Анна Оранская - Сладкая жизнь
Он замолчал, резко поворачиваясь к открывающейся двери, навстречу пышной блондинке в обтягивающем белом халатике, симпатичной такой, но простоватой.
— О, какие люди! — расплылся в улыбке. — Наташ, ты мертвого из могилы поднимешь. То-то я удивляюсь, что Геннадий так быстро оклемался. Вроде три дня в реанимации валялся, потом еще три дня под всякими капельницами — а сюда всего пять дней назад перевезли, а он за эти пять дней как новенький стал.
— Сплюньте, Андрей Юрьевич. — Девица стеснительно улыбнулась, хотя и видно было, что смущение ненатуральное.
Он оглядел ее внимательно, намеренно раздевающе.
— Да, Наташ, лучше лекарства для Геннадия не найти. Только не переусердствуй, ладно? И халатик подлиннее бы тебе — мистеру нагрузки противопоказаны, а ты вон входишь, а у него одеяло поднимается…
Он обернулся на Корейца, невозмутимого и непроницаемого, зная, что под этой маской кроется улыбка, и радуясь тому, что появление медсестры прервало разговор, который, возможно, дальше вести будет легче.
— А ты чего хотела-то, Наташ?
— Да я… Я узнать — может, что нужно? Попить или судно…
Кореец молча кивнул, и Наташка повернулась к Андрею спиной, низко склоняясь к лежащему на кровати. Слишком низко, как показалось Андрею, сразу представившему, как открывается в вырезе халатика ее большая грудь, посмотревшему со значением на оттопырившийся зад. У Корейца встал сейчас небось, не помочиться, — бабник известный, пол-Москвы перетрахал, пока в Штаты не свалил.
Он улыбнулся своим мыслям, не отводя от пышного по-негритянски зада глаз, думая, что, может, неплохо было бы сейчас подойти к ней сзади, приподнять халатик, стащить одним движением то, что под ним, и нагнуть ее так, чтобы поудобней ей было ртом делать Генке массаж, пока сам он побудет сзади. Стремно, конечно, — разойдешься, она дернется еще, а Генка раненый. Но она была бы только «за», в этом сомнений не было, — и Генка, наверное, тоже.
Мысли почему-то показались очень приятными — может, потому, что несколько часов назад избежал ареста и сидел сейчас в этом уютном загородном доме, а не в КПЗ.
— Как я тебе медсестру нашел, Генка? — поинтересовался, проводив взглядом намеренно повиливающую задом Наталью. — Ничего, а?
— Ну, — кивнул Кореец, улыбнувшись наконец, впервые с начала разговора. — А с горшком этим… Ты меня когда сюда привез, на койку уложили, и она тут со своей уткой.
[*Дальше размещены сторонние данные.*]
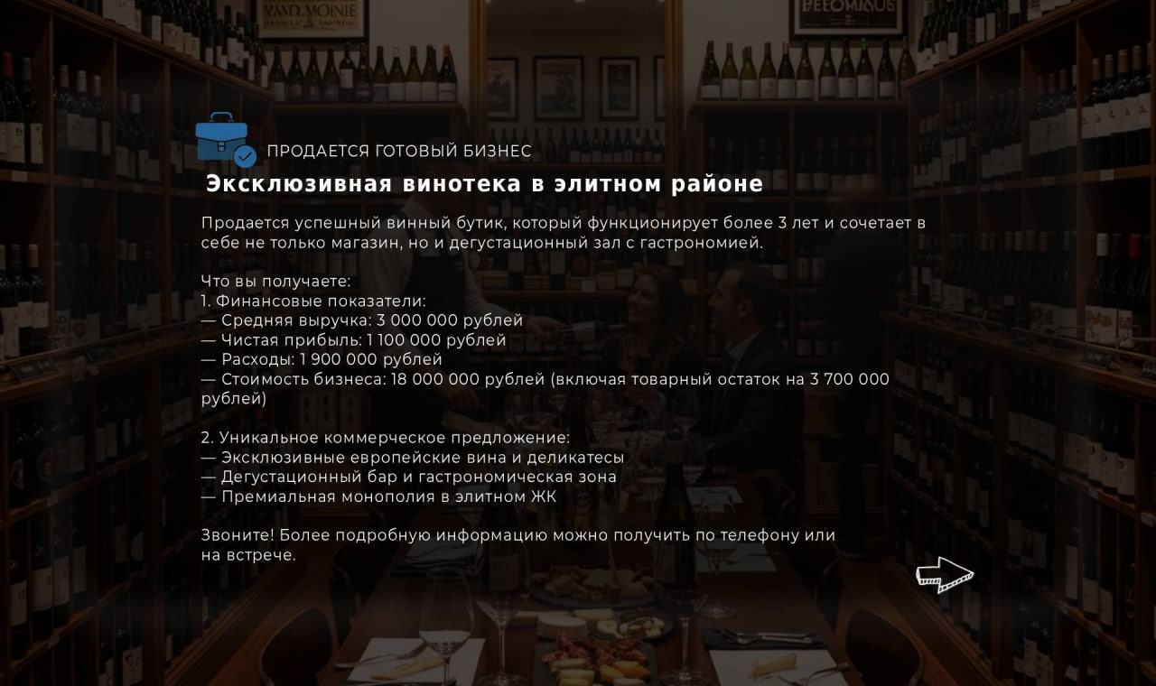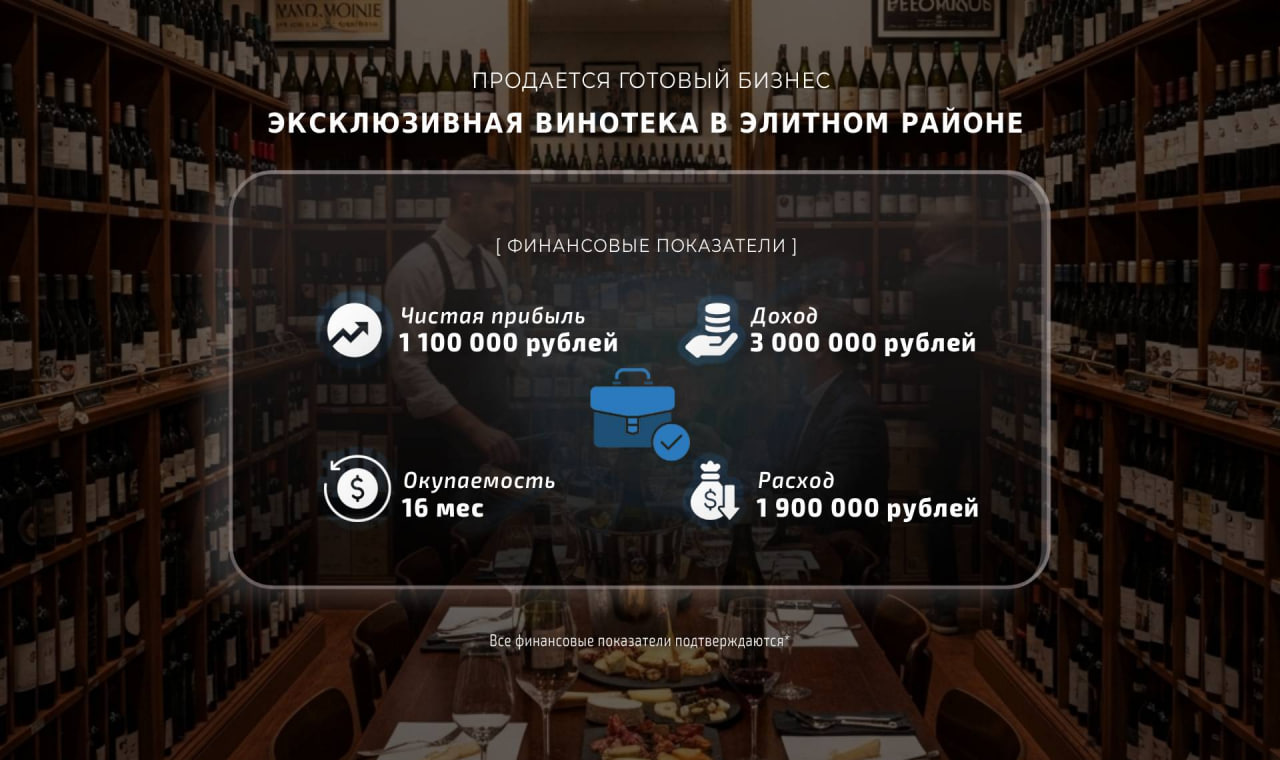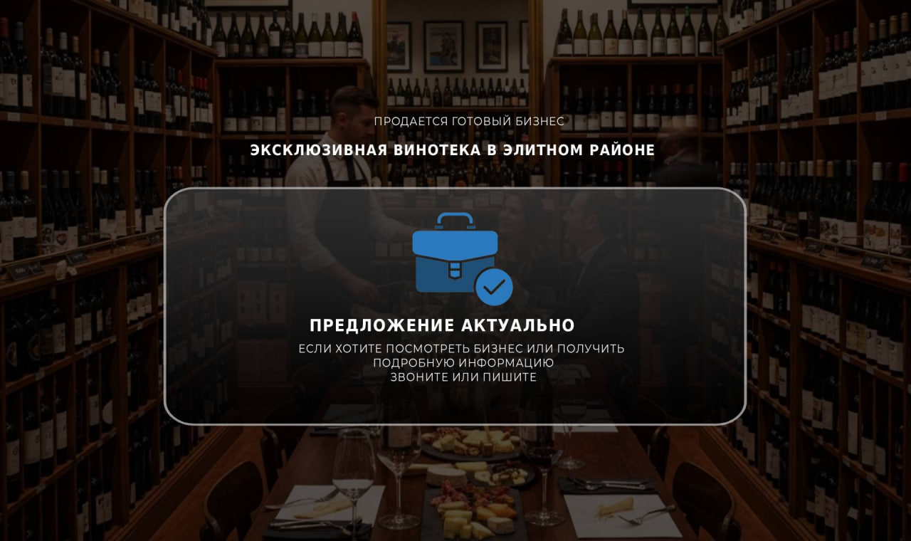 Продается успешный винный бутик, который функционирует более 3 лет и сочетает в себе не только магазин, но и дегустационный зал с гастрономией.

Е…нуться можно — здоровый мужик, а тут х…йню эту подкладывают, как под инвалида. Ну, кивнул — давай действуй, — а она стоит и на меня смотрит. И переворачивать начинает на бок — пыхтит, толкает, как нажала на шов, я чуть не отключился. Лежу, отдыхаю — а эта сама к пижаме руки тянет. Покопалась там и достает, и держит его так, словно в рот брать собралась, и глаза блестят, как у тебя после кокса…
— Да от твоего размера кто хочешь свихнется. — Андрей ухмыльнулся, намеренно не услышав фразы насчет кокаина и переводя разговор на другое. — Помнишь, как мы тогда с телками в сауну поперлись, на каждого по две взяли, — так ты всех четырех оприходовал. Я б тебе что хочешь доверил, только не бабу. Я сколько лавэшек тебе просадил, помнишь? По сколько мы тогда, по сотке ставили, что ли? Ну помнишь, когда на тачке твоей ездили и ты к автобусным остановкам подкатывал, если телка была нормальная? Хорошо я с тобой редко ездил — нищий бы был…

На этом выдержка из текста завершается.